--- STORED DATA Enclosed Below ---

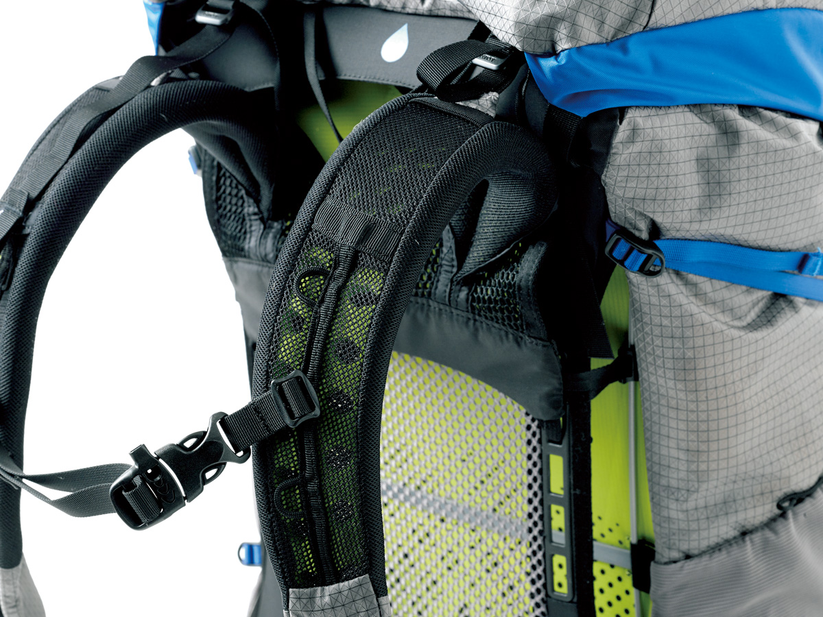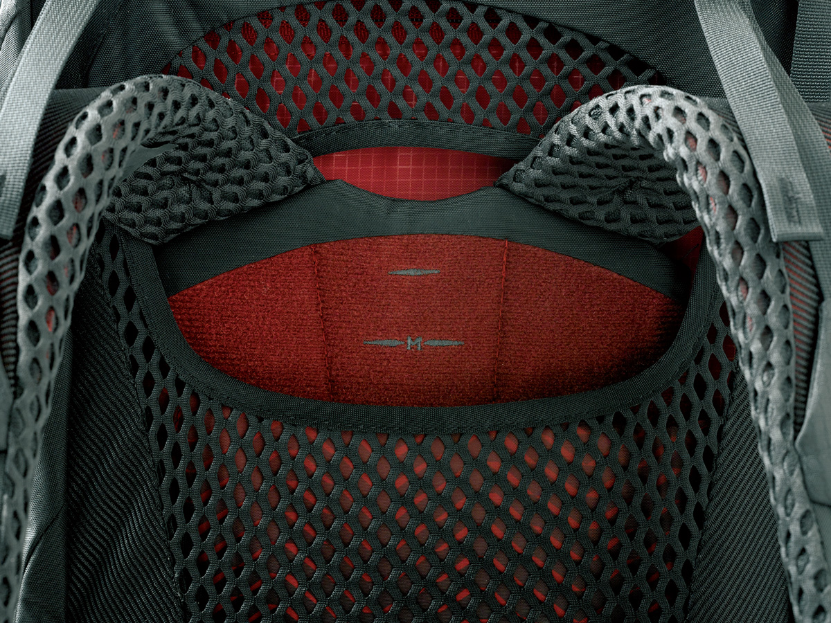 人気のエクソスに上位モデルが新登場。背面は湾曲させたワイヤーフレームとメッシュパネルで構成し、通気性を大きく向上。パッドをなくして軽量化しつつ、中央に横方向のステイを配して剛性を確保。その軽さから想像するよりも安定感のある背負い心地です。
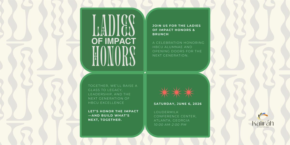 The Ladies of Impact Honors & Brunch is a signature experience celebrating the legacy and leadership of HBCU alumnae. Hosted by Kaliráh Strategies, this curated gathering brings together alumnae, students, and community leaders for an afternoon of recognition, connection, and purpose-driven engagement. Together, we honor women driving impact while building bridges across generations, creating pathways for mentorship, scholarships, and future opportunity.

--- End of Enclosed STORED DATA ---
--- STORED DATA Enclosed Below ---

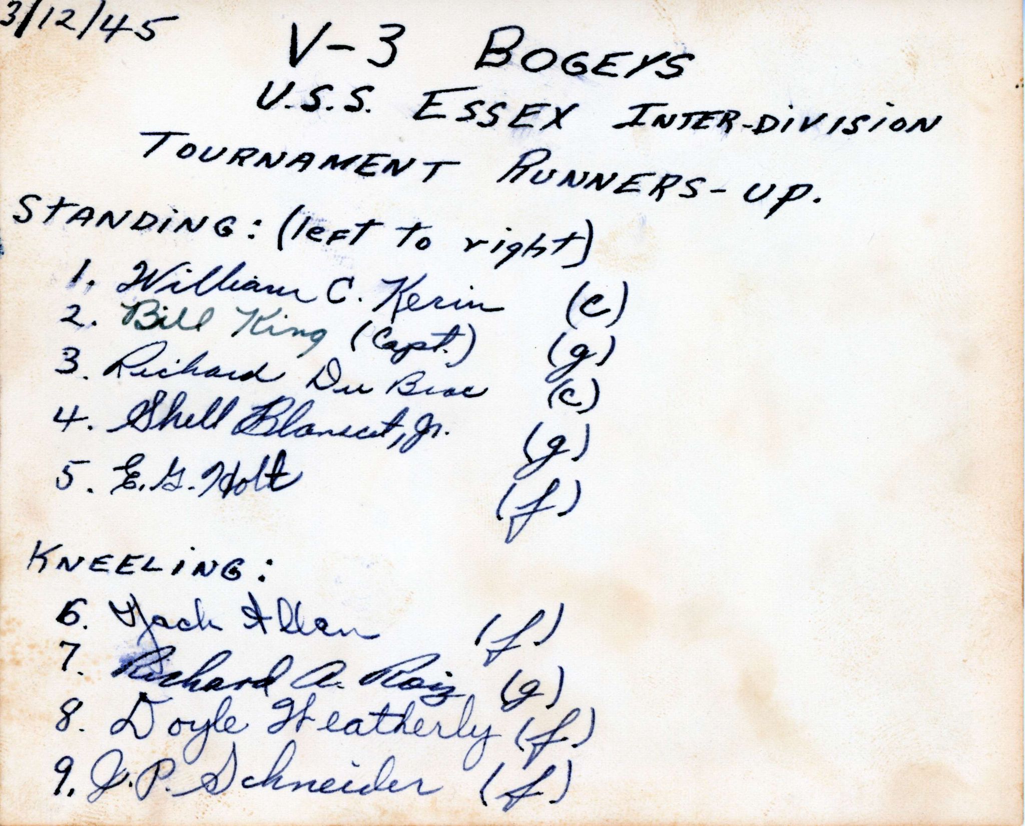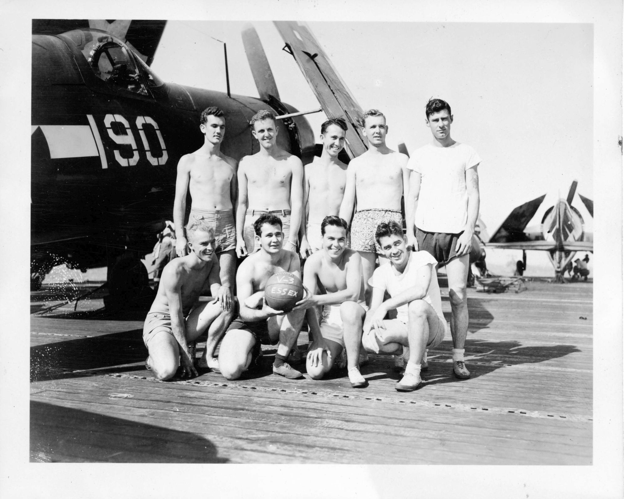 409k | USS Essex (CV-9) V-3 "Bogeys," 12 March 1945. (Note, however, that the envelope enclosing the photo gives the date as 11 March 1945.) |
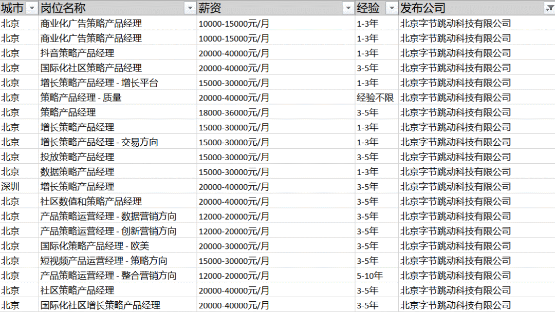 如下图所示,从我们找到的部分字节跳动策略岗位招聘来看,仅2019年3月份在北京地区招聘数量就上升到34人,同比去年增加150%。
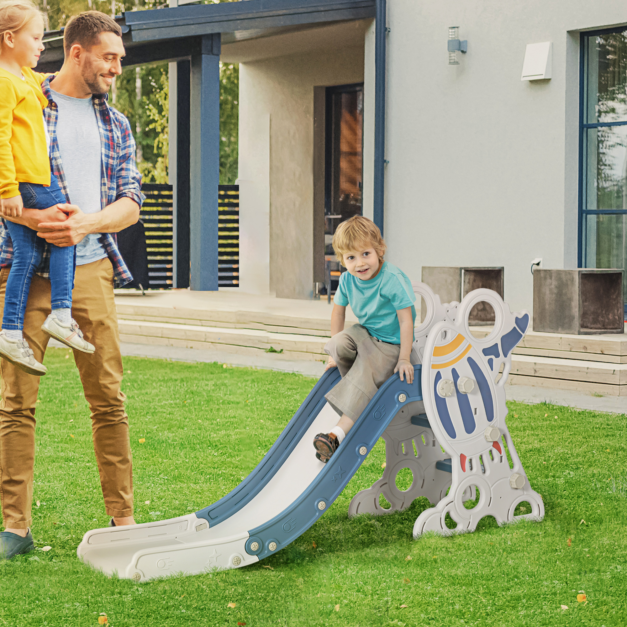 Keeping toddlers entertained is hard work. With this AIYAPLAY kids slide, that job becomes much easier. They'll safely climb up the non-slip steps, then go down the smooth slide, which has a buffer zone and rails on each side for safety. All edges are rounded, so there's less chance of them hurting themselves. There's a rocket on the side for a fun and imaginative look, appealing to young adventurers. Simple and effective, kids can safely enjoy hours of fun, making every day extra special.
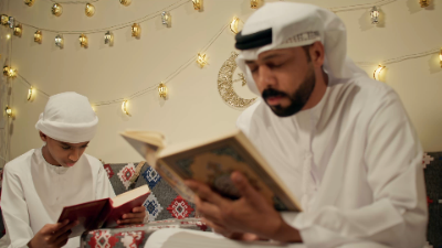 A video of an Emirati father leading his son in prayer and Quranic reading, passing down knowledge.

--- End of Enclosed STORED DATA ---

• WHAT TO PRODUCE
Look above for the line with "人気のエクソスに上位モデルが", then print it and each line after it down to and including the line with "The Ladies of". Leave out the pictures and keep the wording exact.

• COMPLETED TASK
 人気のエクソスに上位モデルが新登場。背面は湾曲させたワイヤーフレームとメッシュパネルで構成し、通気性を大きく向上。パッドをなくして軽量化しつつ、中央に横方向のステイを配して剛性を確保。その軽さから想像するよりも安定感のある背負い心地です。
 The Ladies of Impact Honors & Brunch is a signature experience celebrating the legacy and leadership of HBCU alumnae. Hosted by Kaliráh Strategies, this curated gathering brings together alumnae, students, and community leaders for an afternoon of recognition, connection, and purpose-driven engagement. Together, we honor women driving impact while building bridges across generations, creating pathways for mentorship, scholarships, and future opportunity.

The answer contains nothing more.